Pandoc is actually bad at this job. We tried Jens'es redmine_convert_textile_to_markdown (thanks for that!), we ran rendering comparison tests1 covering hundreds of thousands of strings and the results were poor.

1 Rendering comparison test = grab all rendered issues and wiki pages from the Textile Redmine instance and a converted-to-Markdown Redmine instance, normalize HTML, compare the HTMLs.

So we forked it, and similarly to Jens, we were adding more and more preprocessors to make Pandoc happy and postprocessors to render it correctly. This is the latest version of the fork. Later, we reworked it completely to a new project, which we'll publish soon.

But if we were doing it again, we would get rid of Pandoc completely. The preprocessing is done by partial rendering using code adapted from Redmine / Redcloth3. The amount of the code is comparable to normal rendering and invoking Pandoc just makes it slow.

Pandoc is a great tool, but this use case is just too specific for a universal format converter.

So the message is just: a good converter exists for Redmine. :)

#14 Updated by Jens Krämer 11 months ago

Hi, thanks for the feedback!

Nice catch about the rendering of Markdown files, that indeed should be switched to commonmark as well. Also great work on the Migrator :)

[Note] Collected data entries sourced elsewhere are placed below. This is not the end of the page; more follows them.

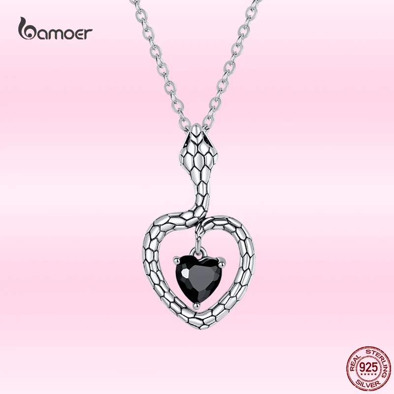 Bamoer креативное ожерелье с медальоном в виде змеи для женщин из стерлингового серебра 925 пробы роскошный черный циркон кулон ожерелье Модные украшения подарок
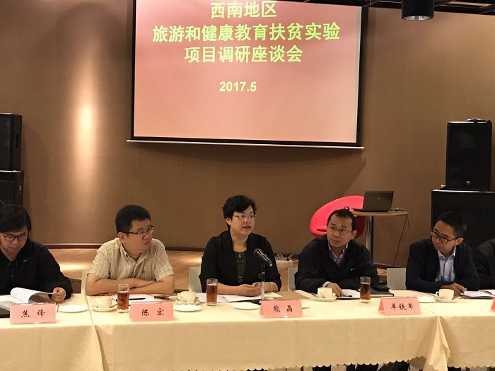副校长熊晶代表学校致欢迎辞,并介绍了yl23455永利官网在人才培养、学科建设、科学研究、社会服务等方面的基本情况。单铁军副院长介绍了教育部学校规划建设发展中心的基本情况,同时详细介绍了“西南地区旅游和健康教育扶贫实验项目”的具体情况、申报要求、申报程序和建设要求等。
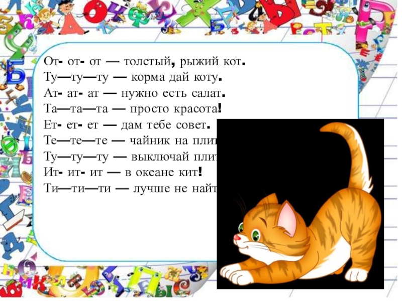 От- от- от — толстый, рыжий кот.Ту—ту—ту — корма дай коту.Ат- ат- ат — нужно есть салат.Та—та—та
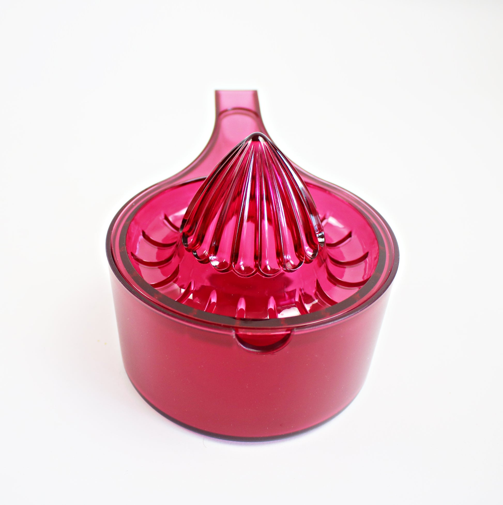 Designed in 2009 by Aarnio, this 'Citrus' juicer is made from transluscent resin and is pretty much the colour of a pomegranite seed (which is why it's labelled pomegranite)! Rare Y2K aesthetic colourway and unused stock in the original box. 21cm x 12.4cm x 12cm high Approx
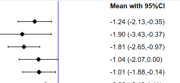 直接比较显示有效,一致性模型显示该项P=0.049,网状森林图此项下线为-1.04(-2.07,0.00),会不会是结果保留2位小数,所以才变成0.00的呢?求大神指点
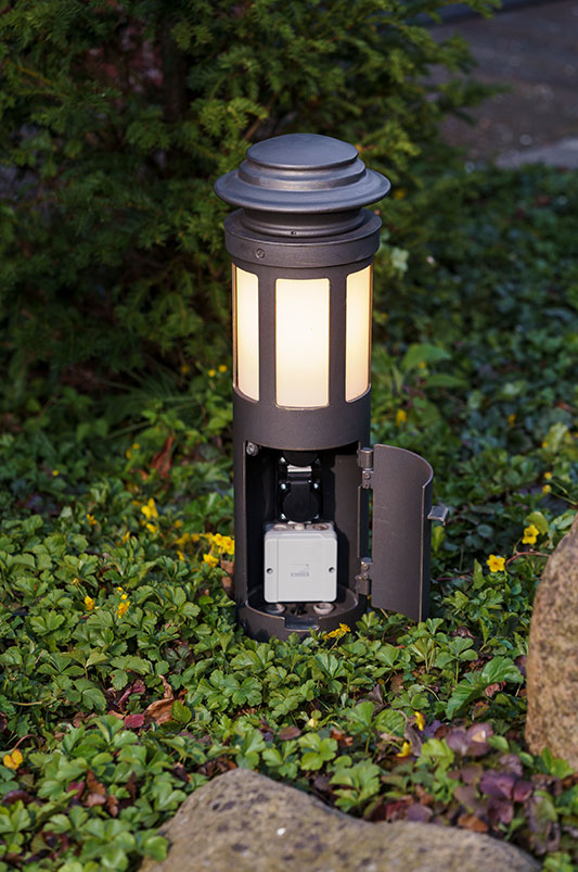 Die dekorative Gartensteckdose mit Licht gehört zu unserer Leuchtenserie Florenz. Das zeitlose bis klassische Design fügt sich sehr gut in eine moderne Architektur ein, passt aber auch sehr gut zu einem historischem Gebäude oder auch dem heute sehr beliebten Landhausstil. Die Pollerleuchte mit zwei unsichtbar integrierten Steckdosen ist die ideale Ergänzung für jeden Garten, wo immer wieder mal extern eine Stromquelle benötigt wird. Hierbei wird einfach eine Klappe geöffnet, Stecker rein und Klappe zu- das Kabel findet unten durch eine smarte Öffnung seinen Weg nach draußen- auch bei geschlossener Klappe. Die hochwertige Säulenleuchte mit echten Opalglaseinsätzen sorgt mit ihrer rundlich länglichen Form nicht nur für eine optimale Beleuchtung in Ihrem Außenbereich, sondern bietet auch die Möglichkeit einer nach außen nicht sichtbaren Stromquelle. Die Gartensteckdose mit Licht zeigt optisch schmiedeeiserne Längsstreben und Rundornamente am unteren und am oberen Ende der Leuchte, die dieser stilvollen Sockelleuchte mit Steckdosen ihre ganz eigene Note geben. Das Finish in Alt Bronze verleiht der dekorativen Gartensteckdose mit Licht einen klassisch-historischen und zugleich modernen Look, der sich harmonisch in jede Umgebung einfügt. Die hochwertigen Materialien feuerverzinkter Stahl und Aluminium sorgen für Langlebigkeit und Widerstandsfähigkeit gegen Witterungseinflüsse. Die Gartensteckdose mit Licht ist von ihren Maßen 60 cm hoch und 20 cm breit. Das Gesamtgewicht beträgt bei dieser Qualitätsleuchte 11 kg. Die Garten Steckdosensäule gibt es auch in weiteren Finishes wie Terra, Eisen natur, Taverna, schwarz, schwarz-silber, Patina, Alt-Kupfer, Vintage, grün-antik und Steampunk. Die handgefertigte Unikatsleuchte wird in einer deutschen Leuchtenmanufaktur fachmännisch hergestellt. Die E27-Lampenfassung wird bei der exklusiven Gartenleuchte mit Leuchtmitteln bis zu 100 Watt Leistung bestückt. Leuchtmittel sind bei der Lieferung nicht enthalten. Diese schmiedeeiserne Designer-Außenleuchte lässt sich auch perfekt mit anderen Leuchten der Modellserie Florenz kombinieren. Schauen Sie doch mal nach der exklusiven Wegeleuchte klassisch zur Kombination im gleichen Design und mit gleicher Größe, aber ohne integrierte Steckdosen.
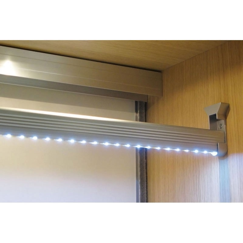 Kit comprenant :- 1 tube de penderie avec rainure latérale pouvant être habillée par un chant mince largeur 23 mm et avec un joint antibruit gris en partie supérieure.- 2 supports d’extrémités- Les vis de fixation
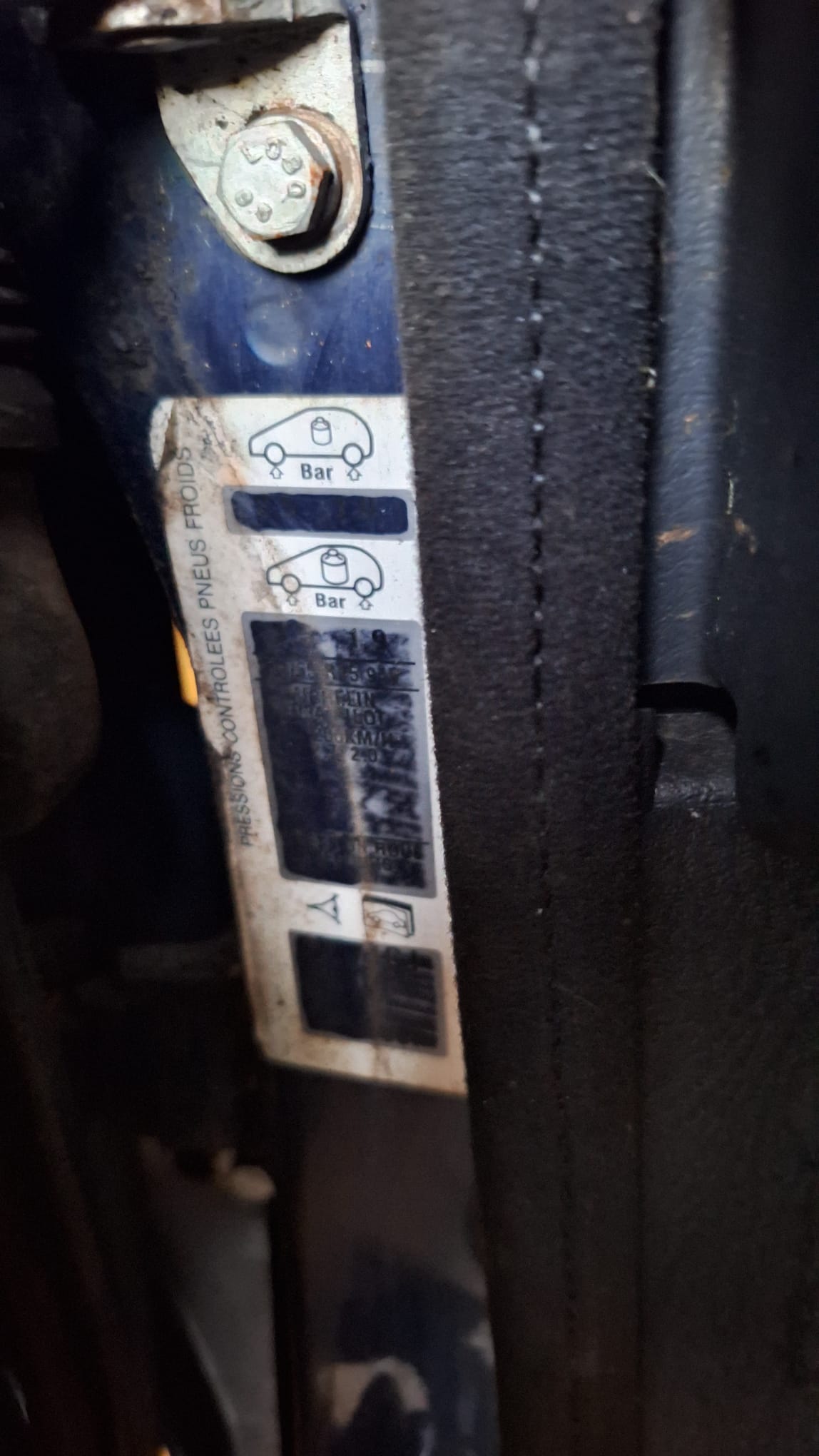 Hoort dat niet op het labeltje met de bandenspanningen te staan bij zo'n late XM?

General use of HTML Pipeline

It would really make sense to use HTML pipeline for Textile rendering as well, as it will open up a lot of options for refactoring and sharing code (i.e. for HTML sanitization) between the different pipelines via filters. I intentionally stopped before doing this to gauge interest and get commonmark in as quickly as possible. We can (and imho should) rework the Textile rendering at a later point, as well as do some cleanup by moving rendering related code from helpers to the pipeline. The same could be done to the Redcarpet based markdown formatter if we decide to still keep that around at this time.

Configuration

For the sake of not overcomplicating this already complex patch I went with what I think are sensible defaults. I have no idea why Github is so inconsistent with their line break rendering and would definitely stay away from doing the same.

Introducing a way for configuring the rendering pipeline through plugins makes sense, maybe as part of the refactoring when we move over all formatters to the pipeline?

Regarding the task lists - to be honest I left this out since at Planio this would collide with the checklists plugin we have as a standard feature. Also this would require additional code to handle the checking / unchecking of the checkboxes in the rendered text (everywhere markdown is rendered) again making the patch more complex. I feel like this also really only makes sense in issue descriptions and (maybe) wiki pages. So this would be a case where we need slightly different pipeline config depending on the context.

#15 Updated by Hans Riekehof 10 months ago

Oh my this patch would be so nice. I know its always hard to say but is there any roadmap when this patch is available in an official release ?

#16 Updated by Mischa The Evil 10 months ago

Hans Riekehof wrote in #note-15:

[...] I know its always hard to say but is there any roadmap when this patch is available in an official release ?

Given all the parameters (size/scope/state/complexity of the patch, current Redmine release cycle, current issue scheduling) I'd say not earlier than before the end of 2020. However, this does not mean that it won't be available on the Redmine trunk earlier.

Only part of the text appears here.